**Work instruction**
Below are some records. Return exactly their lines from the one containing "Глава ФРБ Нью-Йорка" through the one containing "Denne malen er", and drop the pictures.

[Records contained in a dataset]
============

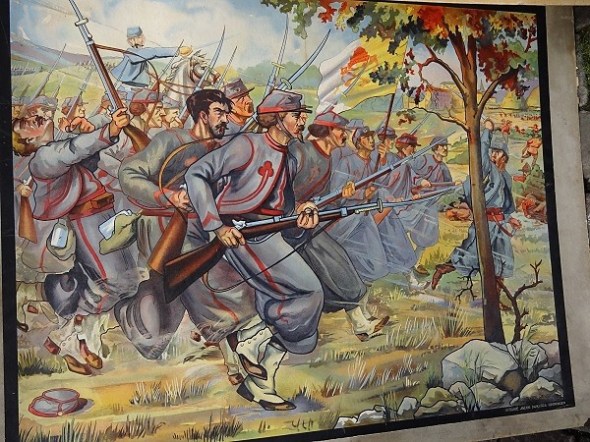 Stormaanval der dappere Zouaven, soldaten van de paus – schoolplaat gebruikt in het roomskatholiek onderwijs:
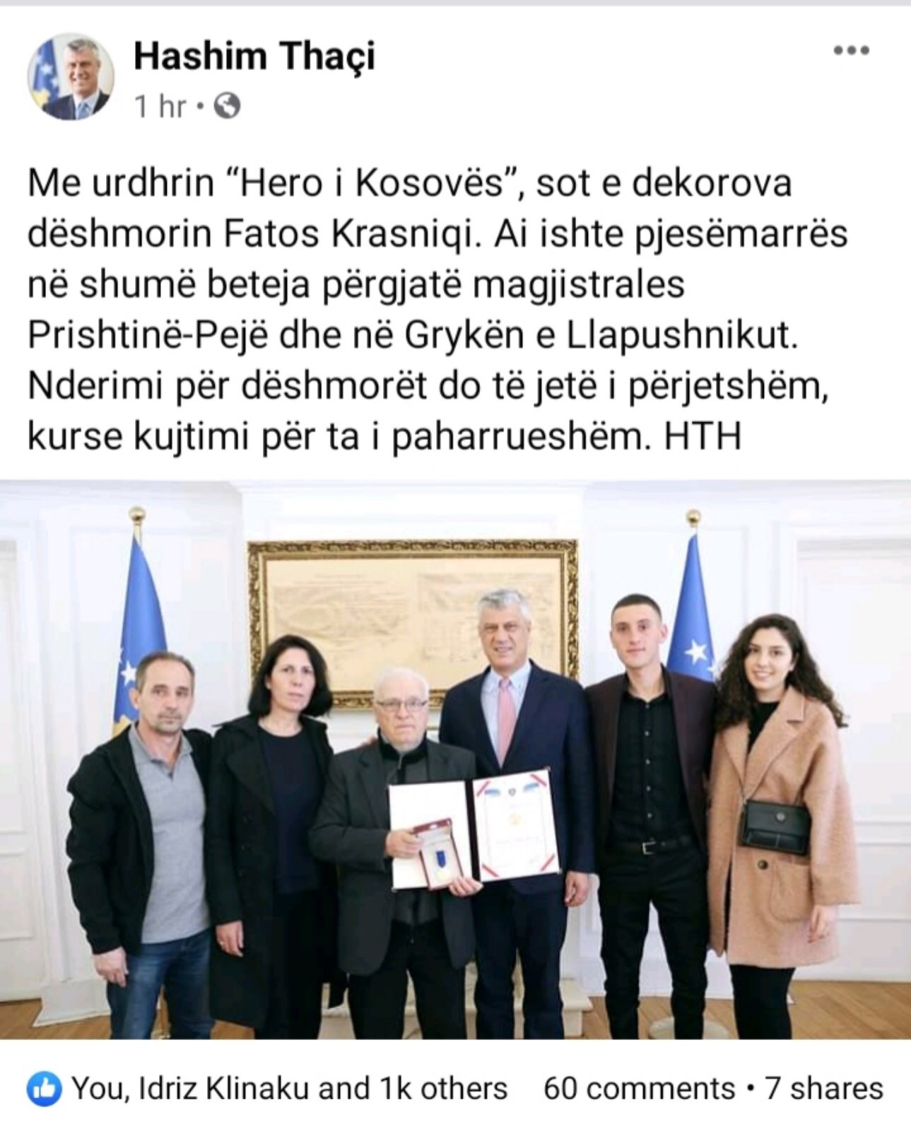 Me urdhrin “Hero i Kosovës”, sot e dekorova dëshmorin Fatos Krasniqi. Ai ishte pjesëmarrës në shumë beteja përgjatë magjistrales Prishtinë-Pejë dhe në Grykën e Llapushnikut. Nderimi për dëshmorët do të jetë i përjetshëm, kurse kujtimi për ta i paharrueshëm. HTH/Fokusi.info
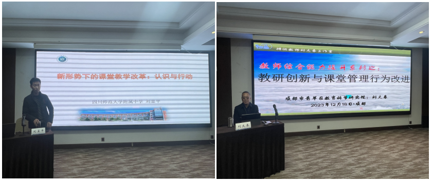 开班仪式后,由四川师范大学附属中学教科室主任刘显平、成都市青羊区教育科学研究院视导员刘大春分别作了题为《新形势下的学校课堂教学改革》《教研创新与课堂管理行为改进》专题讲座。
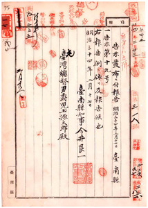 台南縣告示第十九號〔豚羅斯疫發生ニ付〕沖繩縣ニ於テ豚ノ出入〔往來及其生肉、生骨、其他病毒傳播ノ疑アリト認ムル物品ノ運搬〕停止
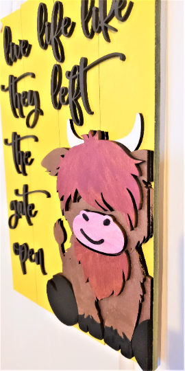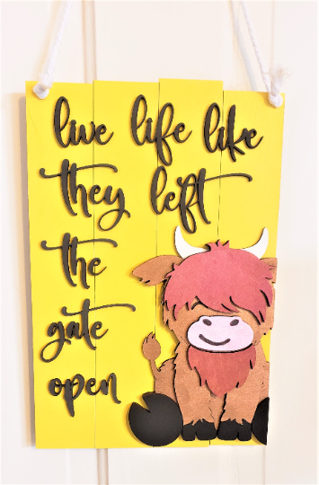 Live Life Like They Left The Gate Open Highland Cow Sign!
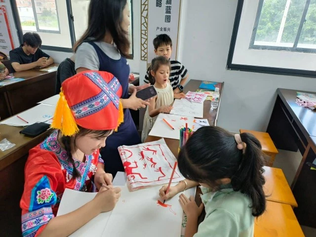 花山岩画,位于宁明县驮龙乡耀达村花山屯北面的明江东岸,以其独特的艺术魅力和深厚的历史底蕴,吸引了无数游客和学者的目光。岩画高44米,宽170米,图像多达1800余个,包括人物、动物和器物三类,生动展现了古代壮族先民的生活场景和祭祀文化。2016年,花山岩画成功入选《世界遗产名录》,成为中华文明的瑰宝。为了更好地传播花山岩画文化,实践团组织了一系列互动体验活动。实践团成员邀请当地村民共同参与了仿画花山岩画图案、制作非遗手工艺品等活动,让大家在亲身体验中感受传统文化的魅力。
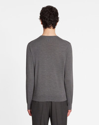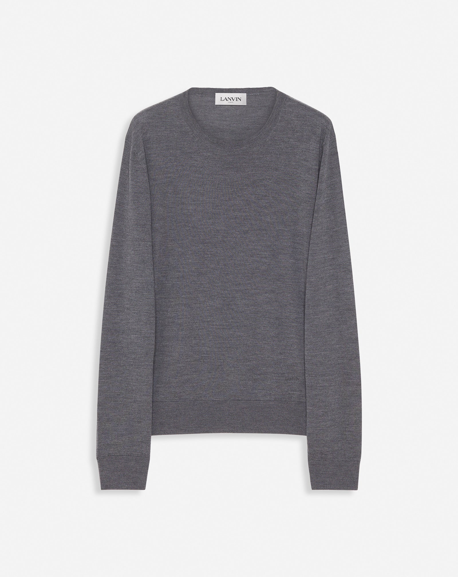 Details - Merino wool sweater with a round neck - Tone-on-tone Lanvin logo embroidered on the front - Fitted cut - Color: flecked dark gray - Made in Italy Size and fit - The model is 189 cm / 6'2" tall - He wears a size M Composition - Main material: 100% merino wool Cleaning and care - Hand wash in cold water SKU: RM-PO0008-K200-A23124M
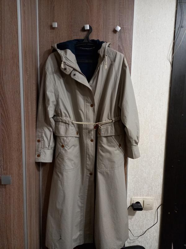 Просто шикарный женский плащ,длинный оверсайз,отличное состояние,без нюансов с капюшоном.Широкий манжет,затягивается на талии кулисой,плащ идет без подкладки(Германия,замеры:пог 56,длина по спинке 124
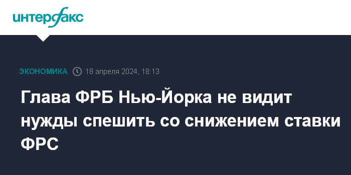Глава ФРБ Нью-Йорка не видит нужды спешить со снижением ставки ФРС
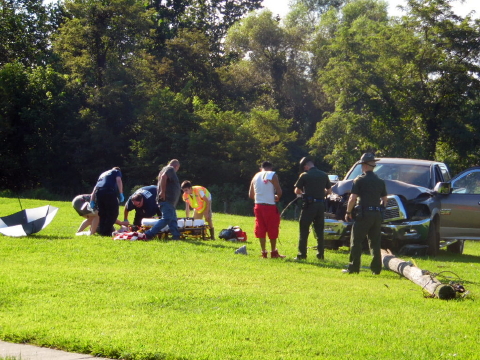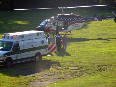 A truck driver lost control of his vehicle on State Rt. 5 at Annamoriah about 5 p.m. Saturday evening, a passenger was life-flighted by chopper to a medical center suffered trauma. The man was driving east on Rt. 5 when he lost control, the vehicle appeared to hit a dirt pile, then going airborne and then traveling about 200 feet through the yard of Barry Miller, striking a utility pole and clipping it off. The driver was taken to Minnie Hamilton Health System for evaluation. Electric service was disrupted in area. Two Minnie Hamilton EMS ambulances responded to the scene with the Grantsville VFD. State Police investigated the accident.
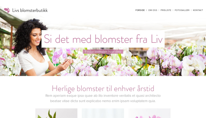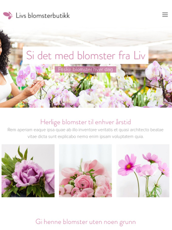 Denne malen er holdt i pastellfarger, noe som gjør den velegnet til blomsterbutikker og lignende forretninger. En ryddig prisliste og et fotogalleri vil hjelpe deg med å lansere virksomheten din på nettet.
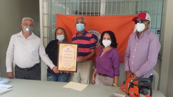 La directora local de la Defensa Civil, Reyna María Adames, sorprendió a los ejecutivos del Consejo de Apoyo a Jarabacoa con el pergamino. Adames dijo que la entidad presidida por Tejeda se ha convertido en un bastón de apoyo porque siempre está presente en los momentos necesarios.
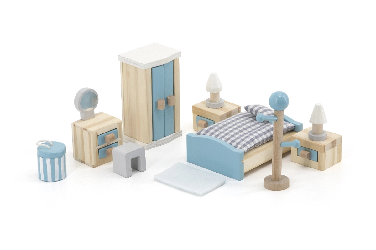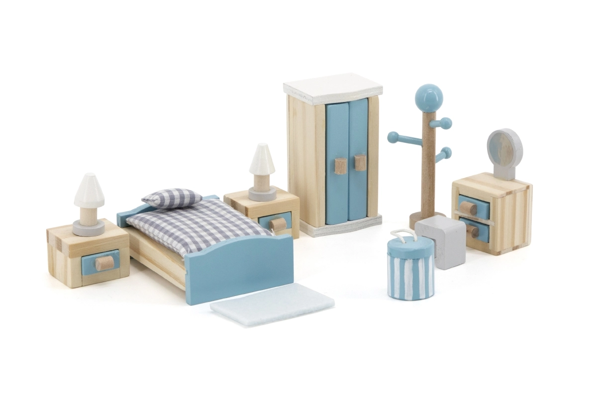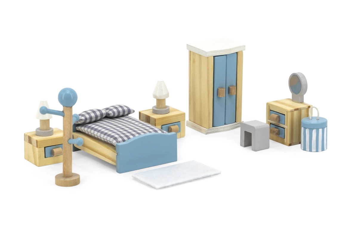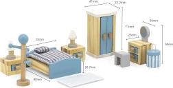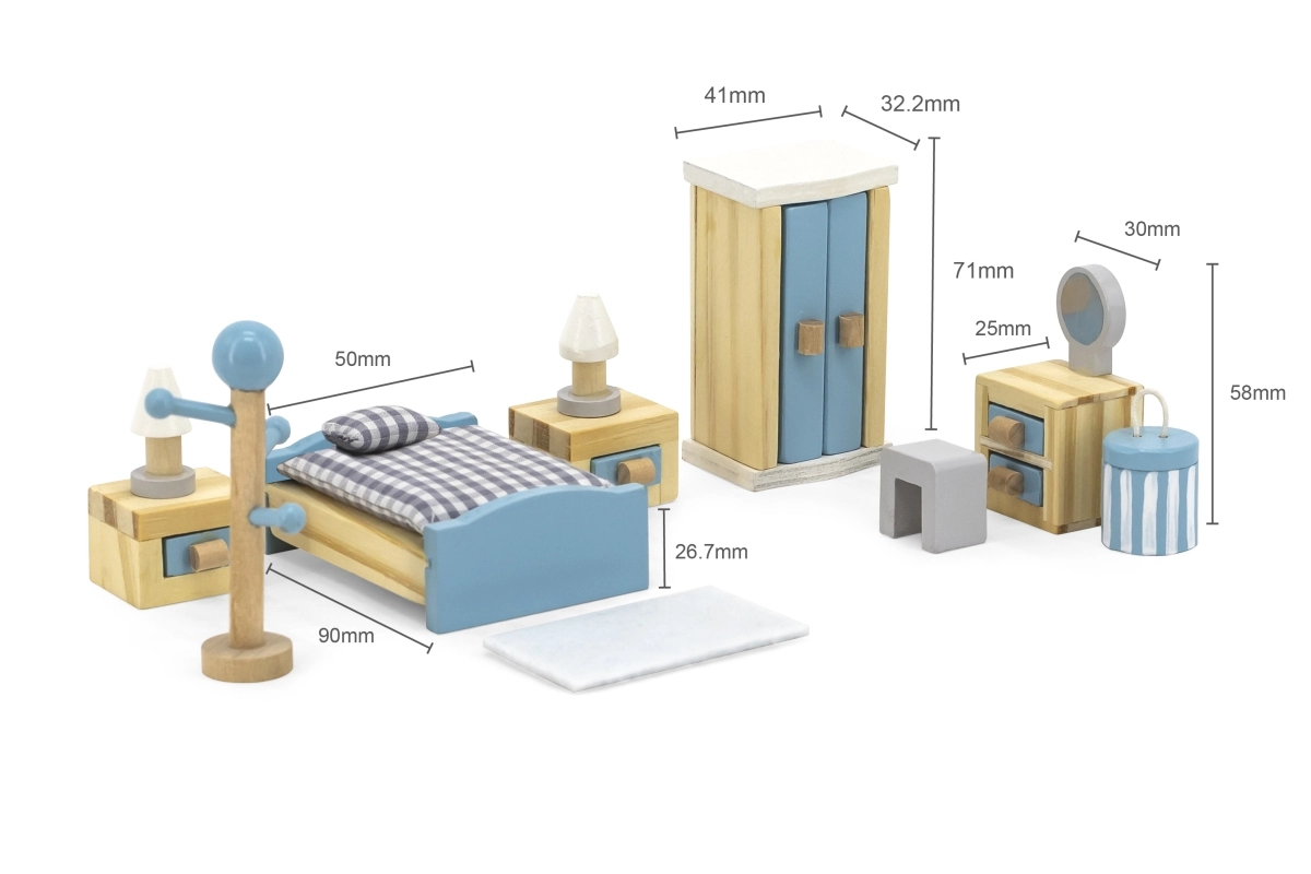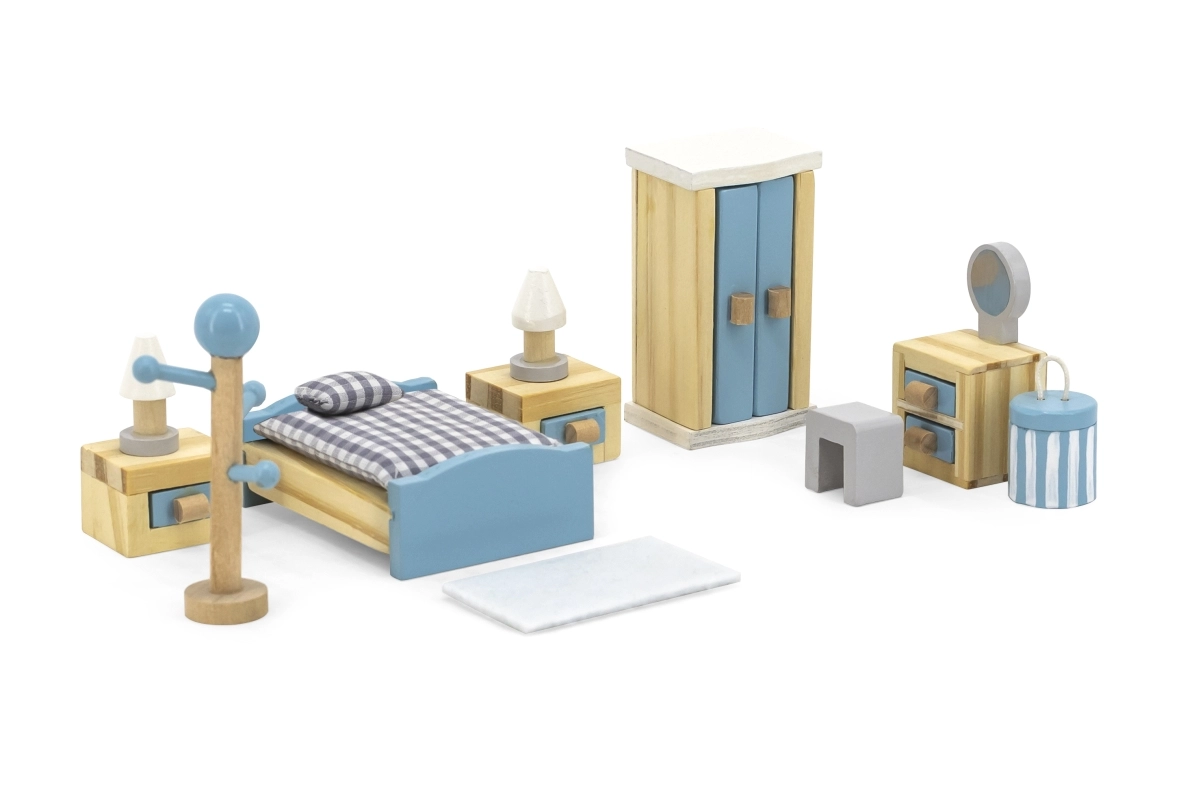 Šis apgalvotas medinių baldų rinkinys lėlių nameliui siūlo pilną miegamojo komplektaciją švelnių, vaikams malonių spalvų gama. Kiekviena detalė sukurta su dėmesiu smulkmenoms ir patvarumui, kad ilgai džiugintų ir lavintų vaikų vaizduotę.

============

**Exercise solution**
Глава ФРБ Нью-Йорка не видит нужды спешить со снижением ставки ФРС
 A truck driver lost control of his vehicle on State Rt. 5 at Annamoriah about 5 p.m. Saturday evening, a passenger was life-flighted by chopper to a medical center suffered trauma. The man was driving east on Rt. 5 when he lost control, the vehicle appeared to hit a dirt pile, then going airborne and then traveling about 200 feet through the yard of Barry Miller, striking a utility pole and clipping it off. The driver was taken to Minnie Hamilton Health System for evaluation. Electric service was disrupted in area. Two Minnie Hamilton EMS ambulances responded to the scene with the Grantsville VFD. State Police investigated the accident.
 Denne malen er holdt i pastellfarger, noe som gjør den velegnet til blomsterbutikker og lignende forretninger. En ryddig prisliste og et fotogalleri vil hjelpe deg med å lansere virksomheten din på nettet.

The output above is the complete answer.